2013年5月14日火曜日

生き様死に様

星の誕生と死(NASA提供)

人間も世界も小宇宙である。その源である大宇宙では時空を超えて多くの星が生まれては消えていく。進化した星は星の死(爆発)という手段で新しい元素を宇宙空間に作り出す。
150億年といわれる宇宙の歴史は星の誕生と死の繰り返しでもある。生命体としての人類の歴史の長さとは隔たりはあるものの 、両者の存在と無を繰り返す営みはどこか人間と似てないだろうか?人間の体の細胞も無数(60兆)の集合体である。 その個々の細胞にも、主人である人間と同じように、死の時がやってくる。

              アポトーシス                                    ネフローシス


細胞の死には、二種類の死に方があると言われており、ひとつは、細胞自身が外的な環境の変化によって、仕方なく死を迎えてしまうネフローシス(受動的な死)という死に方と、もう一つは、アポトーシス(能動的な死=プログラムされた死)と呼ばれる死に方である。 画像左はアポトーシスを起こした瞬間の細胞、右は毒蛇に噛まれて壊死したネフローシスを起こした少年の足。
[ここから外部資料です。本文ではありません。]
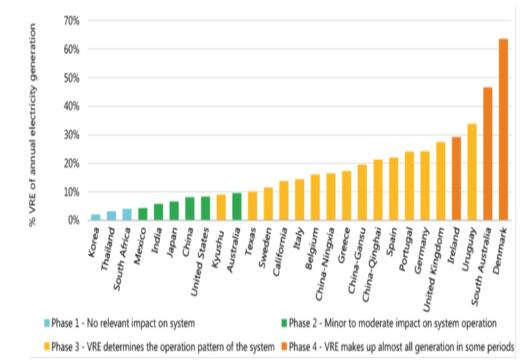 圖1 不同國家/地區(qū)波動性可再生能源發(fā)電占比及相應(yīng)的系統(tǒng)集成階段(2018年)

アポトーシスとは、細胞が、新しい細胞や主人である生命そのものの成長のために、自ら積極的に死を選ぶような現象である。その時、細胞は、自分自身で自らを殺すための遺伝子にスイッチを入れるらしい。例えば、胎児の手は、丸い肉のかたまりとして成長し、その中の細胞が死んで脱落することによって手の形ができてくる。しかも脱落した細胞は、マクロファージという食細胞によって食べられて、跡形もなく無くなってしまう。これがアポトーシスの完璧な死の姿である。自分が死ぬことで、全体の成長を助けているのだ。
生体は生まれてから成長する過程で、不要になった細胞や害になった細胞を取り除く機構を持っている。また、成長した後も、生体を維持する上で老化した細胞やウイルスに感染したり、がん化した細胞を取り除く機構を備えていて、不要となった細胞を取り除く機構は、「アポトーシス(プログラム細胞死)」と呼ばれている。

生物の発生から進化そして老化から死に至るまで関わりを持つアポトーシス。オタマジャクシの発生に伴う尾の消失、手指形成過程における指と指の間の「水かき」の消失、などのように進化の過程に大きく関与しているということである。太古の微生物の中でアポトーシスという細胞制御機能をもったものが現れ、そして微生物はこのテクノロジーを用いて、よりレベルの高い多細胞生物への進化において、発生や変態という重要なプロセスをらくらくと制御することができるようになった。そしてそのことはとりもなおさず、より適応のレベルをあげる進化に役立ってきた。

人間の場合、新生児や胎児の卵巣には約50万個の卵母細胞があり、思春期までには約16万個ほどまでに減少する。そしてその後、1月経ごとにたった1個のみが成熟して排卵される仕組みになっているらしい。1回1個の細胞を多数の中から選んで大切に使っていく。まさに適応戦略の姿にほかならない。そして残りの卵母細胞は、やがて、アポトーシスを起こして死んでいくというのだ。



ゴドーを待ちながら S.ベケット
我々、今を生きている人間は、地球上で我々がこの世に生まれ出るために、無数の祖先たちのアポトーシス的な死があった。人間の営みは、ちょうど生というタスキをつないでいく駅伝リレーに似ている。つまり我々は、過去の人々から引き継いだ命のタスキを次の世代に、引き継いでいく使命を負っている。自分のルーツを探るとき、ただ戸籍制度が成立していない時代の確認は調査にも時間を要し、江戸時代より遡れば、寺の過去帳をよりどころにするのが実情のようだ。ただ言えることは親から貰った自分のかけがえのない命を、「一日たりとも無駄に過ごすべきでない」ということは自分らしい生き様、死に様を考える場合のキーワードになるだろう。なぜなら皆一様に死に向かって歩を進めて行くのだから、ゴドーを待ちながら,,,,,,,。